(The problem): Give back each line of the listing below that contains the string "with".

───── The data ─────

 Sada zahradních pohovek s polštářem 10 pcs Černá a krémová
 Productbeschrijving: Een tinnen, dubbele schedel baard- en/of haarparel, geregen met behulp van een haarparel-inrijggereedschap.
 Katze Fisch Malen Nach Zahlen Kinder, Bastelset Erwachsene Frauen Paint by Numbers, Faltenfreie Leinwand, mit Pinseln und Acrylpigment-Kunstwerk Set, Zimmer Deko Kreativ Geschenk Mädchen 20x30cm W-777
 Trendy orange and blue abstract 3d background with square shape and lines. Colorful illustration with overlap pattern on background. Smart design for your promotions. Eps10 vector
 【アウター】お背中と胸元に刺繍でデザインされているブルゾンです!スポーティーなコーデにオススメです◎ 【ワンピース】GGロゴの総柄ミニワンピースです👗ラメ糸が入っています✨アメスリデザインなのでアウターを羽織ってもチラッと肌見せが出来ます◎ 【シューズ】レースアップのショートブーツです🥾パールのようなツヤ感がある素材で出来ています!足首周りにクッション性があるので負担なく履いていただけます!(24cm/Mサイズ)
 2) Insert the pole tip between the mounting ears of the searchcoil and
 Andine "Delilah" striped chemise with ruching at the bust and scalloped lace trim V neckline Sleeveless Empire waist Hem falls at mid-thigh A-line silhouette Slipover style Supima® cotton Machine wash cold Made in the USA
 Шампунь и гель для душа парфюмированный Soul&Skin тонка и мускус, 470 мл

─────
───── The data ─────

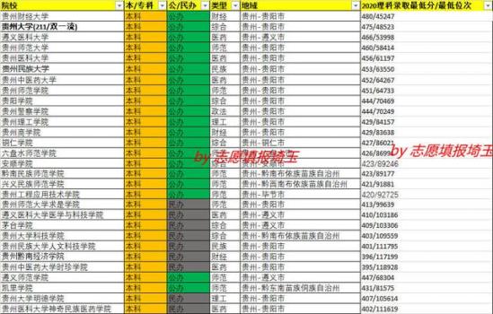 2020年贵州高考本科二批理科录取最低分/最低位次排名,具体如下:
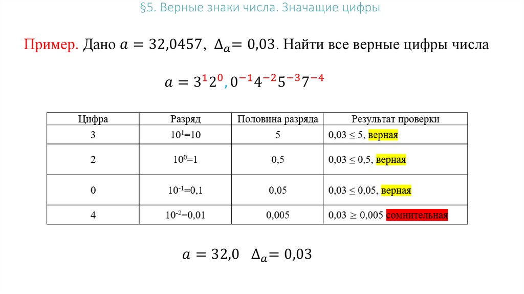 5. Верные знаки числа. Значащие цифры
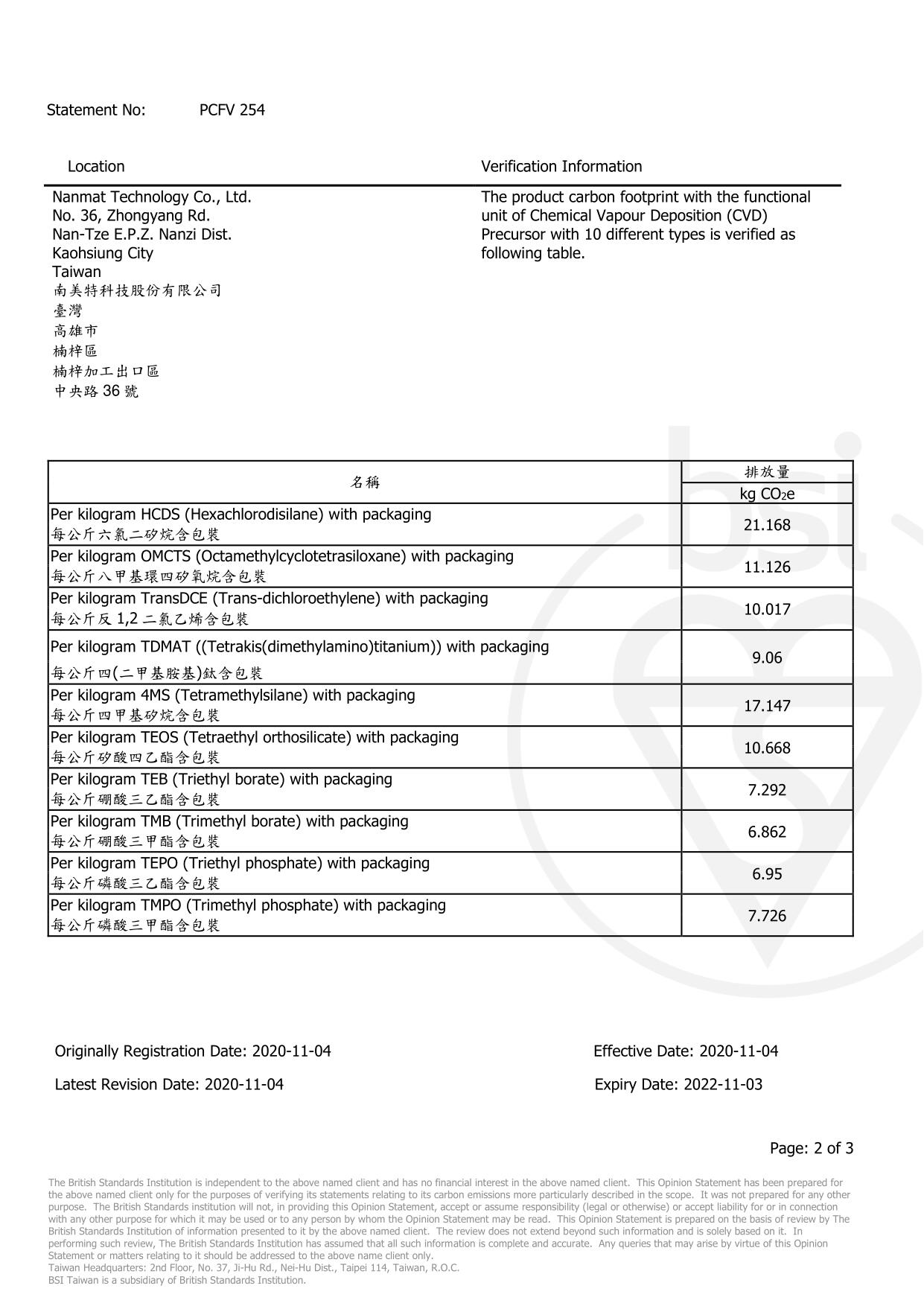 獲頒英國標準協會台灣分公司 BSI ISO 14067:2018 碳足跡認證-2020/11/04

─────

(Answer space):
 Trendy orange and blue abstract 3d background with square shape and lines. Colorful illustration with overlap pattern on background. Smart design for your promotions. Eps10 vector
 Andine "Delilah" striped chemise with ruching at the bust and scalloped lace trim V neckline Sleeveless Empire waist Hem falls at mid-thigh A-line silhouette Slipover style Supima® cotton Machine wash cold Made in the USA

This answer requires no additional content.